Stored entries:
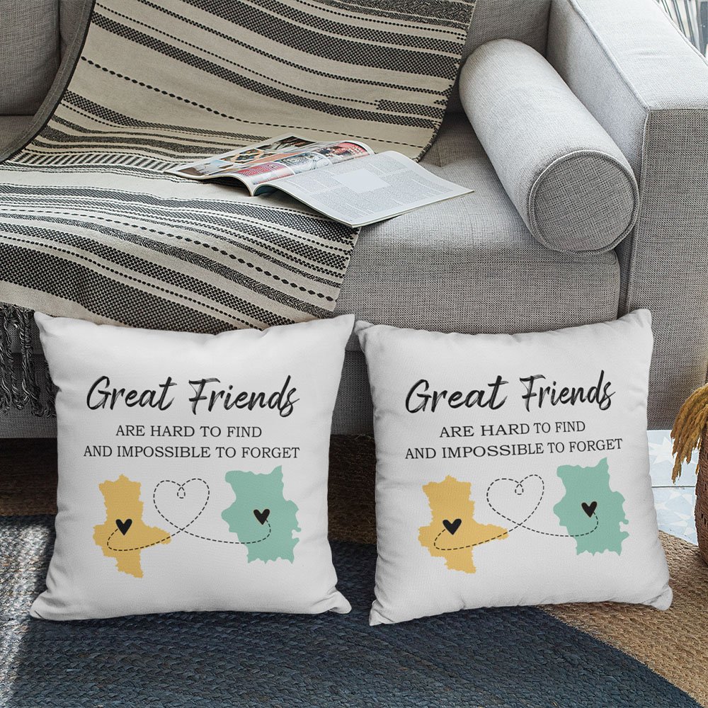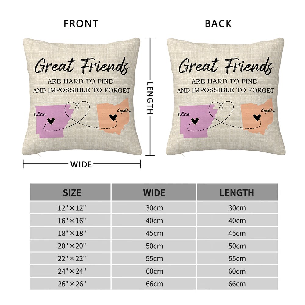 Dieser Kissenbezug ist mit einem Kartenmuster bedruckt, und Sie können den Namen nach Ihrem Standort wählen. Sie können auch den Text auf dem Kissenbezug nach Ihren Wünschen wählen, und jeder Text spiegelt die tiefe Freundschaft zwischen Ihnen und der anderen Person. Sie können auch Ihren Namen und den Namen der anderen Person aufdrucken, um den Kissenbezug noch einzigartiger zu machen.
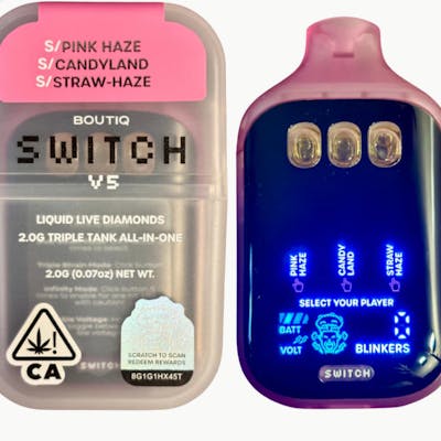 BOUTIQ SWITCH V5 (3 in 1) ”PINK HAZE” x “CANDYLAND” x “STRAW-HAZE” (SATIVA) Discover the Boutiq Switch V5 – a revolutionary advancement in the world of disposable vape pens! Featuring a pioneering three-chamber structure, this elegant device offers three unique, freshly crafted flavors in one handy package, enabling effortless transitions between them with each inhale. Designed for unparalleled enjoyment and ease, it's the latest essential from Boutiq, ideal for vape aficionados seeking diversity and top-notch quality while on the move. Enhance your vaping journey now! 2G DISPOSABLE 90.82% THC 3 FLAVORS IN ONE (SATIVA) HOW TO USE: Single Strain Mode: Click button 1 time to select Dual Strain Mode: Click button 2 times to select Triple Strain Mode: Click button 3 times to select Infinity Mode: Click button 5 times to enable for one hit (use with caution!) ⚠️
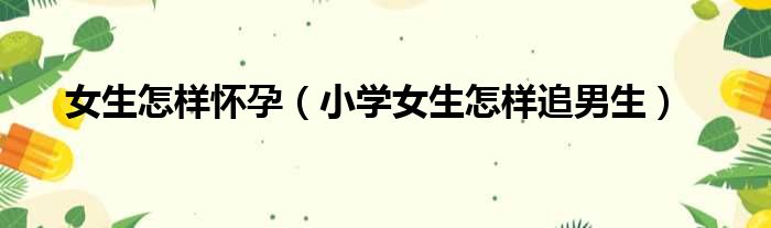 大家好,今天小六子来为大家解答以下的问题,关于女生怎样怀孕,小学女生怎样追男生这个很多人还不知道,现在让我们一起来看看吧!
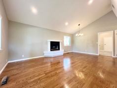 Inside, the home features hardwood floors, cozy carpeted bedrooms, and central forced heat. Vaulted ceilings and a gas fireplace create an inviting atmosphere, perfect for relaxing or entertaining. The kitchen is thoughtfully updated with a subway tile backsplash, quartz countertops, generous cabinet space, and stainless steel appliances, including a refrigerator, dishwasher, and gas range. A dedicated in-unit laundry room with a washer and dryer adds everyday convenience.
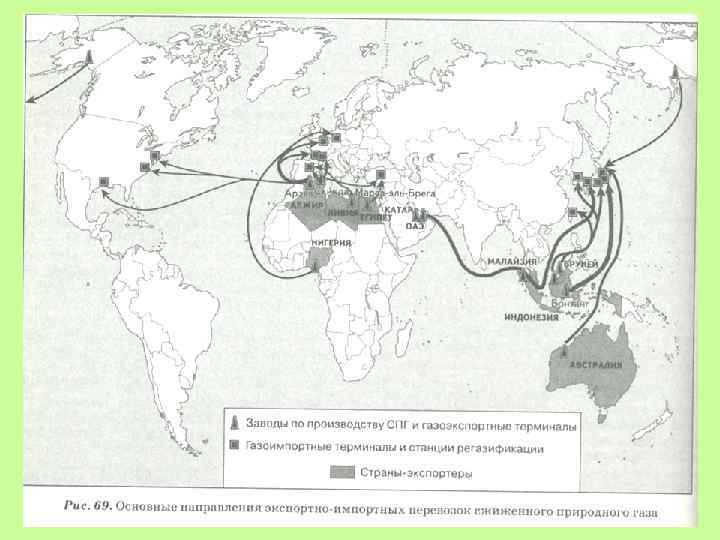 ХАРАКТЕРИСТИКА ОТДЕЛЬНЫХ ОТРАСЛЕЙ ПРОМЫШЛЕННОСТИ ГАЗОВАЯ ПРОМЫШЛЕННОСТЬ Добыча в год составляет 2 трлн. м 3, а запасы - 135 трлн. м 3. - 60% добычи газа приходится на страны СНГ (Россия, Узбекистан, Туркменистан) и США. - 20% добываемого газа идет на мировой рынок. 75% газа перевозится при помощи трубопроводного транспорта и 25% - при помощи танкеров (метановозы) ЗАДАНИЕ. Рассмотри рисунок. - Какой регион мира является главным импортером газа.

[PROBLEM DETAILS] Given the entries above, transcribe exactly the lines from the one holding "BOUTIQ SWITCH V5 (3" through the one holding "大家好,今天小六子来为大家解"; pictures do not belong in the transcription.

[ANSWER AREA]
 BOUTIQ SWITCH V5 (3 in 1) ”PINK HAZE” x “CANDYLAND” x “STRAW-HAZE” (SATIVA) Discover the Boutiq Switch V5 – a revolutionary advancement in the world of disposable vape pens! Featuring a pioneering three-chamber structure, this elegant device offers three unique, freshly crafted flavors in one handy package, enabling effortless transitions between them with each inhale. Designed for unparalleled enjoyment and ease, it's the latest essential from Boutiq, ideal for vape aficionados seeking diversity and top-notch quality while on the move. Enhance your vaping journey now! 2G DISPOSABLE 90.82% THC 3 FLAVORS IN ONE (SATIVA) HOW TO USE: Single Strain Mode: Click button 1 time to select Dual Strain Mode: Click button 2 times to select Triple Strain Mode: Click button 3 times to select Infinity Mode: Click button 5 times to enable for one hit (use with caution!) ⚠️
 大家好,今天小六子来为大家解答以下的问题,关于女生怎样怀孕,小学女生怎样追男生这个很多人还不知道,现在让我们一起来看看吧!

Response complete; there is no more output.